La 77ème édition du Festival de Cannes s’est ouverte ce mardi en présence de Camille Cottin et du jury présidé par Greta Gerwig. La cérémonie a été suivie par la projection du film Le Deuxième Acte, la nouvelle comédie satirique de Quentin Dupieux.

C’est sous un ciel plutôt nuageux que s’est tenue, ce mardi 14 mai, la cérémonie d’ouverture du Festival de Cannes. Alors que l’ombre d’une grève plane au-dessus de la Croisette, et qu’une inquiétante rumeur autour de dix jeunes personnalités du cinéma français agite internet à l’ère du #MeToo, le climat cannois s’annonce tendu. La récente condamnation à cinq ans de prison, pour collusion contre la sécurité nationale, du cinéaste iranien Mohammad Rasoulof, dont le film The Seed of the Sacred Fig a été sélectionné en compétition, a également jeté un vent froid dans les palmes cannoises. Malgré ce printemps pour le moins troublé, le Festival célébrera le cinéma jusqu’au 25 mai. 

Tapis rouge pour le cinéma européen

Cette 77ème édition marque le retour de grands pontes du septième art, comme David Cronenberg, Paul Schrader, Paolo Sorrentino, Jacques Audiard, Yorgos Lanthimos et bien sûr, Francis Ford Coppola, qui n’a pas signé d’oeuvre majeure depuis Tetro en 2009. La présentation de son très attendu Megalopolis, au synopsis intriguant, risque de faire couler beaucoup d’encre sur la Croisette. 

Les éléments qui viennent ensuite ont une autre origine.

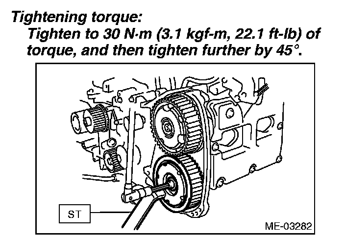 Retighten all bolts 95 N.m (9.7 kgf-m, 70.1 ft-lb)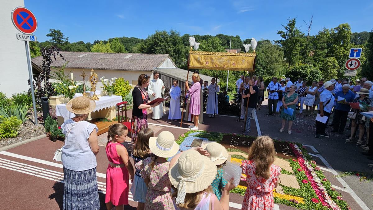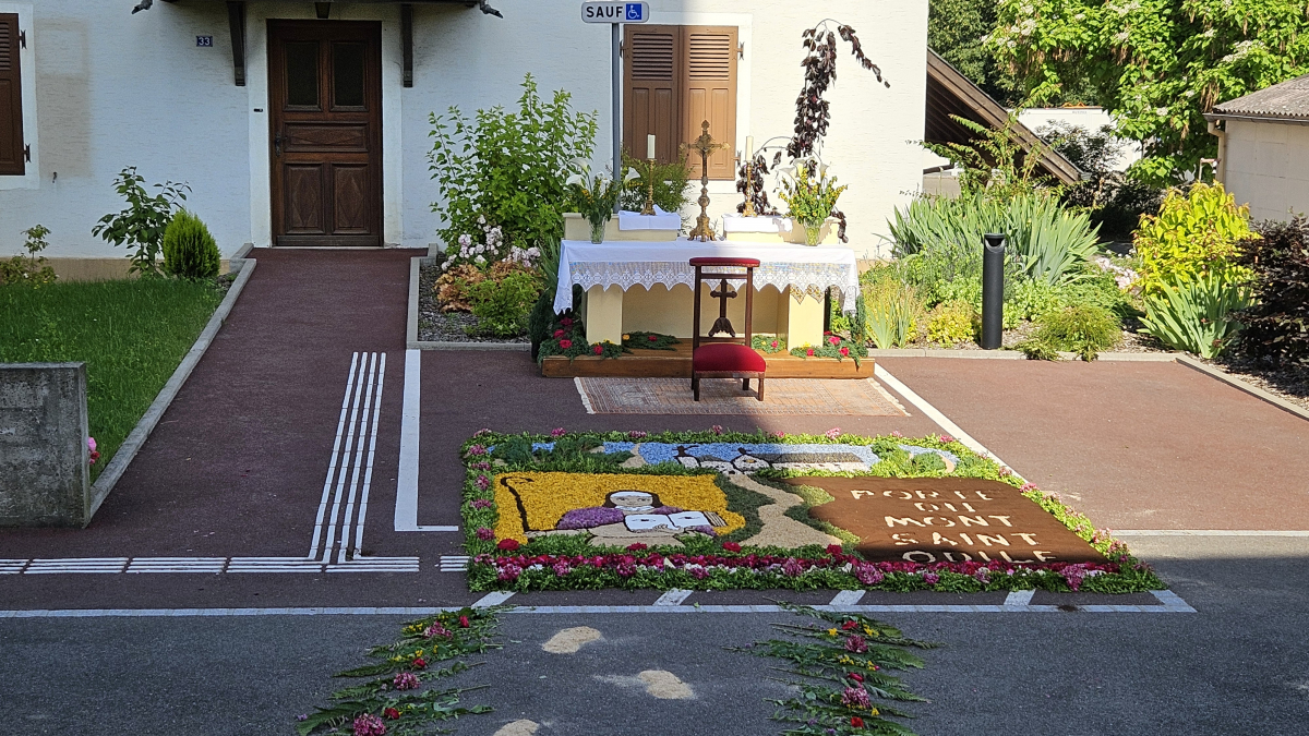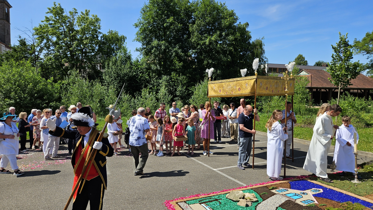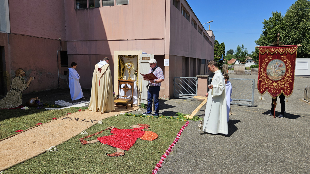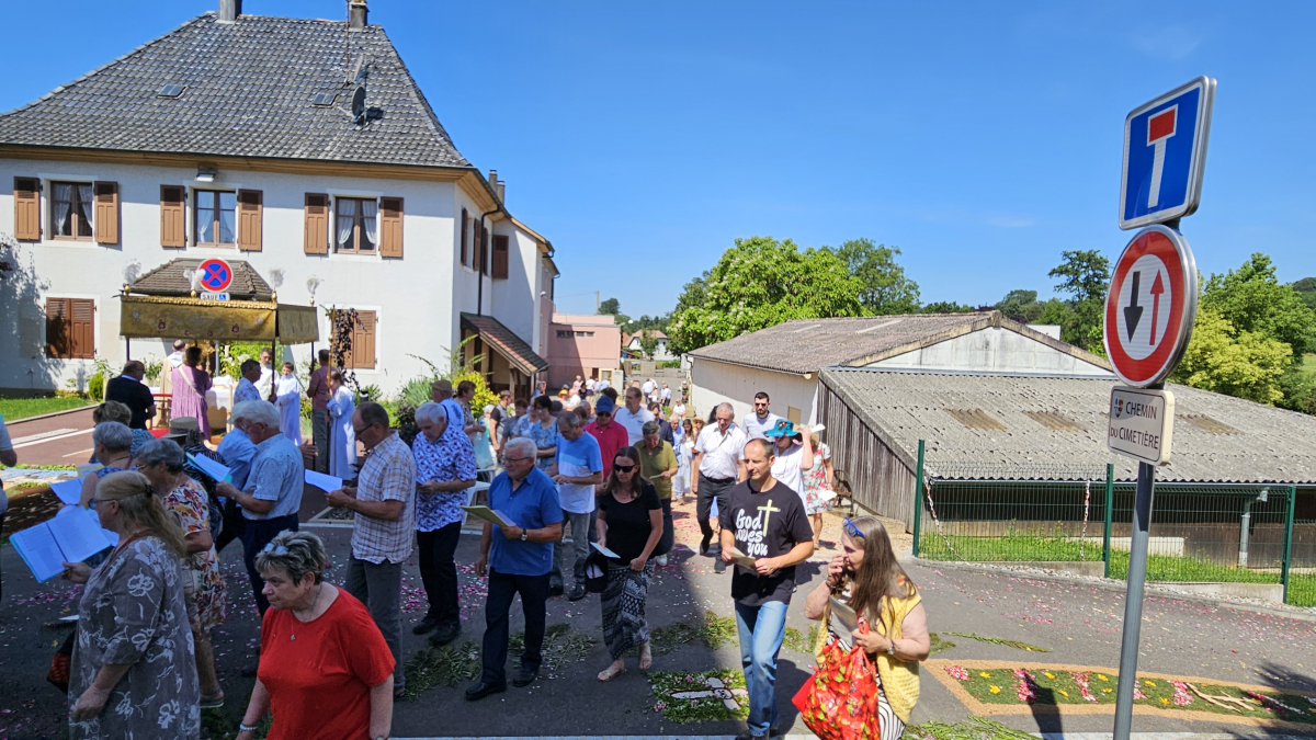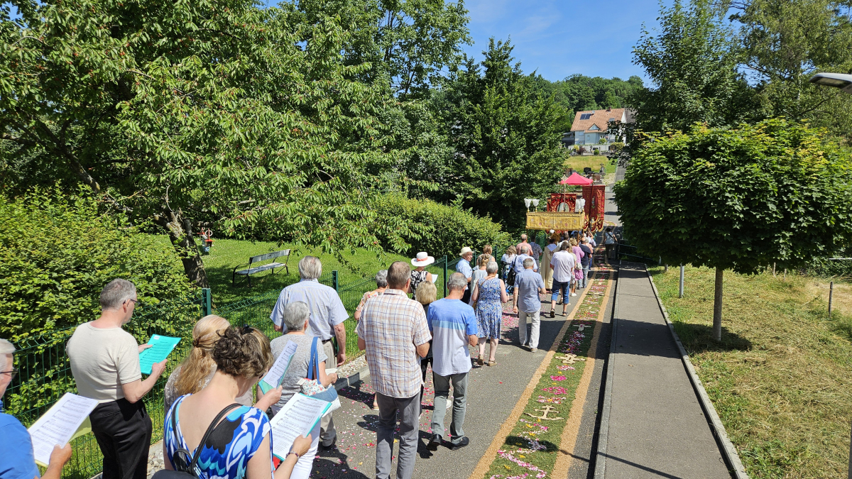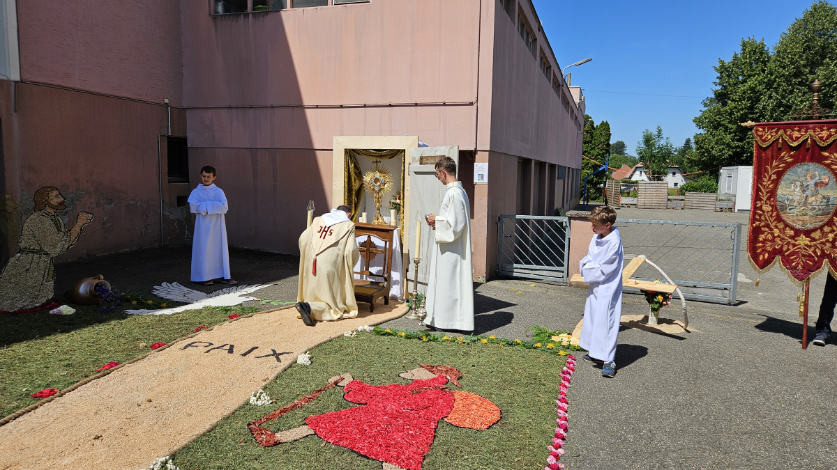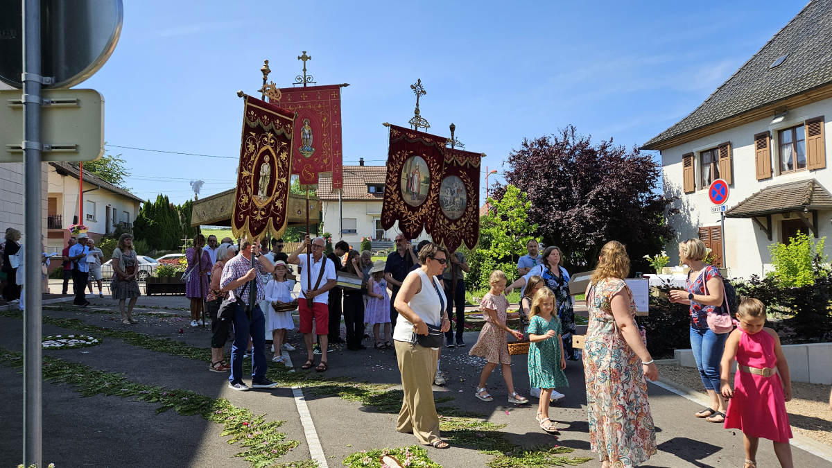 Cette année encore, à Muespach, un bon groupe de personnes aux mains agiles était à pied d'œuvre dès les premières lueurs du jour pour réaliser, comme à l'habitude, les magnifiques tapis de fleurs et orner les trois reposoirs pour la procession du Saint-Sacrement.

Cette année, le Festival révèle aussi la remontée en flèche du cinéma européen, qui représente la majorité des films en compétition pour la Palme d’Or, dont six longs-métrages français : Emilia Perez de Jacques Audiard, The Substance de Coralie Fargeat, Marcello Mio de Christophe Honoré, LAmour ouf de Gilles Lellouche, La plus précieuse des marchandises de Michel Hazanavicius et Diamant brut d’Agathe Riedinger. Un panel majoritairement occidental, au sein duquel figurent des oeuvres respectivement chinoise, indienne, ou encore iranienne : Feng Liu Yi Dai de Jia Zhang-Ke, All We Imagine As Light de Payal Kapadia et The Apprentice d’Ali Abbasi.

Sur la vague du #MeToo, la cérémonie d’ouverture a offert un bel hommage à Greta Gerwig, avant de récompenser Meryl Streep d’une Palme d’honneur. En attendant de plonger dans le vertigineux « vortex cannois » décrit par Camille Cottin, revenons sur le film d’ouverture du prolifique Quentin Dupieux. 

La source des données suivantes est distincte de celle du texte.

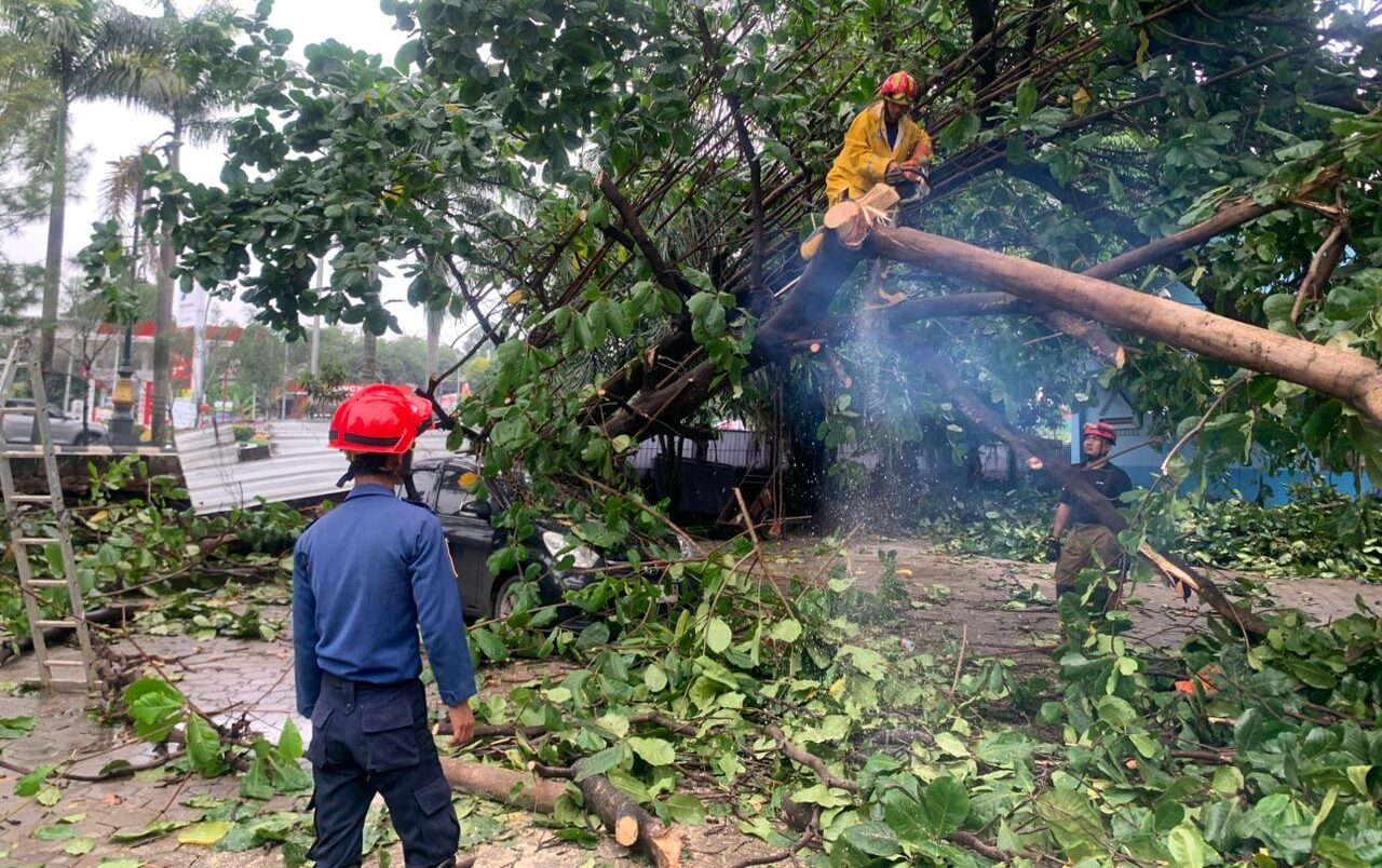 “Awalnya hujan biasa, lalu anginnya tiba-tiba sangat kencang. Di Laga Tangkas ada bagian yang terlepas, dan beberapa pohon juga tumbang,” ujarnya.

Le Deuxième acte, acteurs naufragés

Après Fumer fait tousser, présenté en 2022, Quentin Dupieux s’affiche de nouveau à l’ouverture du Festival de Cannes.  Dans Yannick, le réalisateur français mettait en scène un spectateur interrompant une pièce de théâtre pour gérer lui-même le show en dirigeant les comédiens. Avec Le Deuxième Acte, Quentin Dupieux dépasse le cadre de la scène en montrant, avec humour et moquerie, les coulisses d’une industrie cinématographique à la dérive. Sous la forme de sketchs successifs, entremêlant fiction et réalité, le film offre des séquences savoureuses qui, à défaut de marquer les esprits, font passer un bon moment en ce début de festival.

Synopsis : Florence veut présenter David, l’homme dont elle est follement amoureuse, à son père Guillaume. Mais David n’est pas attiré par Florence et souhaite s’en débarrasser en la jetant dans les bras de son ami Willy. Les quatre personnages se retrouvent dans un restaurant au milieu de nulle part.

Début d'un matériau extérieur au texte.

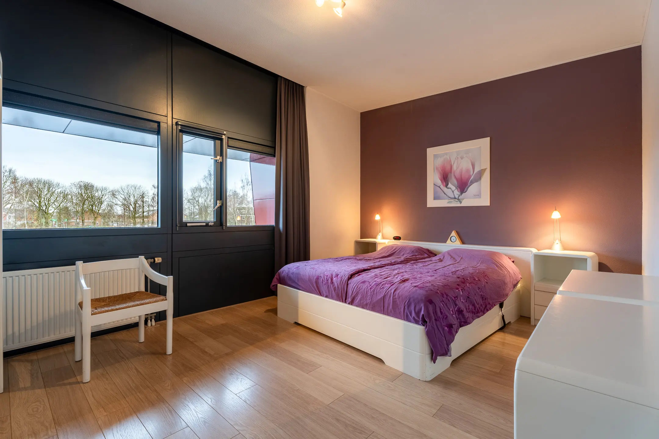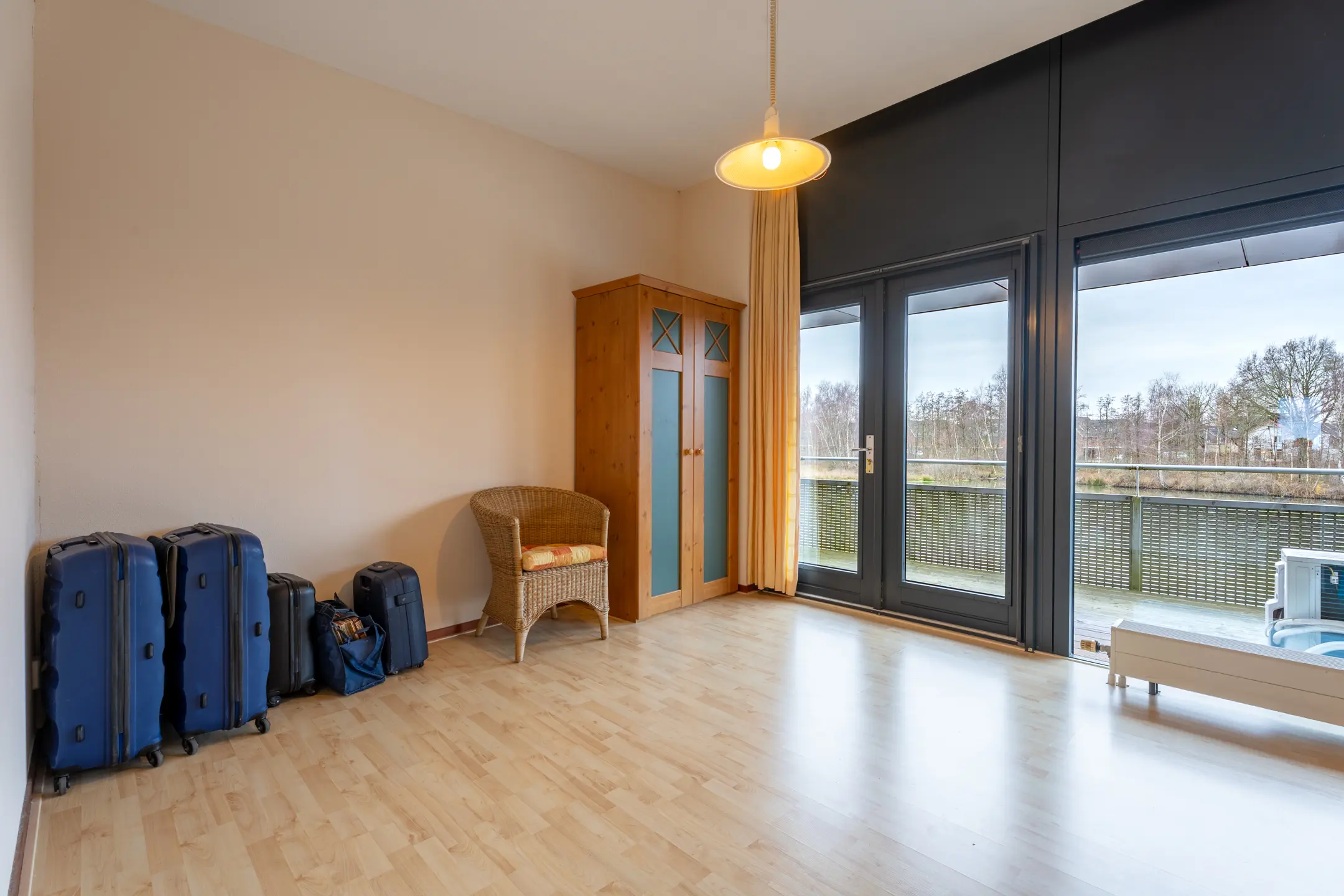 Slaapkamer II (4m11 x 3m61), ook gelegen aan de waterkant, met toegang tot het balkon.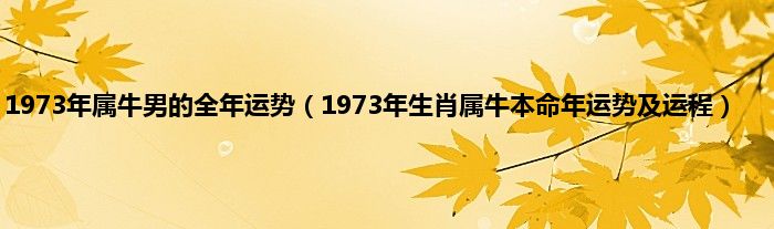 本文1973年属牛男的全年运势,1973年生肖属牛本命年运势及运程到此分享完毕,希望对大家有所帮助。

Les quatre protagonistes campés par Léa Seydoux, Louis Garrel, Vincent Lindon, et Raphaël Quenard, fraîchement auréolé du César du meilleur espoir masculin dans Chien de la Casse, se rejoignent sur un plateau de tournage singulier. Dans une sorte de caméra tournage, ils tentent de travailler au sein d’un climat tumultueux où le politiquement correct de la fiction scénaristique s’efface derrière la réalité de leurs dialogues homophobes et outranciers. Quentin Dupieux s’amuse ainsi à parodier la figure de l’acteur en passant en revue tous les tréfonds possibles et imaginables du comédien et du figurant. Dans la parfaite continuité des thèmes abordés lors de la cérémonie d’ouverture, Le Deuxième Acte ne manque pas d’aborder, par ce portrait satirique de quatre acteurs naufragés, le harcèlement sexuel et l’intelligence artificielle. Un film d’ouverture dans l’ère du temps donc, qui ne manque pas d’interpeller le spectateur sur ce qu’il recherche au cinéma.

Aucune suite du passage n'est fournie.